Мама только один раз довольно долго была дома — это когда родился Ким. Брата назвали так по имени одного скандинавского ученого, который открыл каких-то микробов. Как только Ким начал ползать по полу и писать карандашом на мебели, так его — раз! — в ясли, а меня отправили к дедушке в Олешнице.

Когда мы немного подросли, за нами стала присматривать женщина из нашего дома — пани Паукертова. Мне она никогда не нравилась. Я сам не знаю почему. К нам она относилась хорошо, даже очень хорошо, но она постоянно останавливалась с кем-нибудь на улице или на ступеньках в подъезде и заводила разговор о нас. То она жалела нас, то выдумывала какие-то несусветные глупости.

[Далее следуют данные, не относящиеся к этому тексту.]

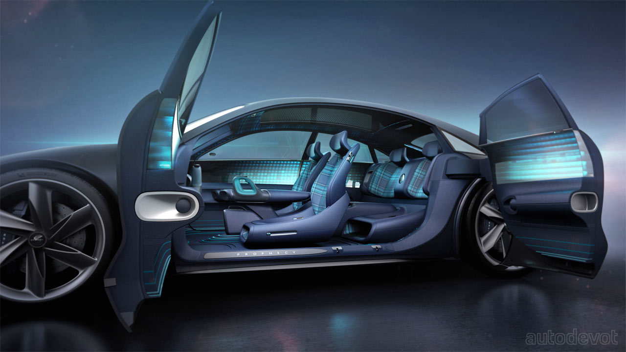 As we can see, the Prophecy doesn’t have a steering wheel as it also packs autonomous driving technology. What it does have, however, are two joysticks that can pivot left and right, one in the centre console and another on the door trim. The joysticks have integrated buttons to control a wide variety of functions. However, it remains to be seen how practical this application would be in a real-world scenario.

Как-то она рассказывала такую историю: маленький Ким, мол, уселся рядом с муравейником и ну засовывать муравьев в рот! А я, выходит, должен был стоять около нее и поддакивать: «Вот видите, какой Ким глупый — лопает муравьев!» Но на самом деле все было не так. Да, Ким ловил муравьев: его всегда привлекало все двигающееся. Но даже если он и вправду взял муравья в рот, а я ему ничего не сказал, так это потому, что мне было любопытно, проглотит он муравья или нет. Второго я ни за что не позволил бы взять. Но дело ли об этом болтать с посторонними?! Пани Паукертова вела себя просто неприлично! И маме она раз сто рассказывала об этом. Мама всякий раз как-то принужденно смеялась и прижимала Кима к себе, словно жалела его.

Нет, я недолюбливал пани Паукертову, хотя она часто пекла для нас маленькие медовые прянички и взбивала гоголь-моголь. Но я ни разу не дал ей понять, что она неприятна мне. А вот Ким как раз наоборот. Как любой малыш, он совершенно не умел скрывать свои чувства. И один раз случилось так.

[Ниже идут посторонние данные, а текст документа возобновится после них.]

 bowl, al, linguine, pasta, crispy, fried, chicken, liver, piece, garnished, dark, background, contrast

Пани Паукертова опять что-то взбивала. Ким, как всегда, вертелся возле нее. Он не спускал глаз с ее рук, но взгляд у него был какой-то странный, словно у обиженного щенка. Когда мы всё уплели и остались одни, Ким вдруг ни с того ни с сего спрашивает:

— Послушай, почему это наши родители никогда не бывают дома? Где они мотаются? Все ребята с родителями, а наши… Они не хотят с нами быть или просто у нас в семье не всё как у людей?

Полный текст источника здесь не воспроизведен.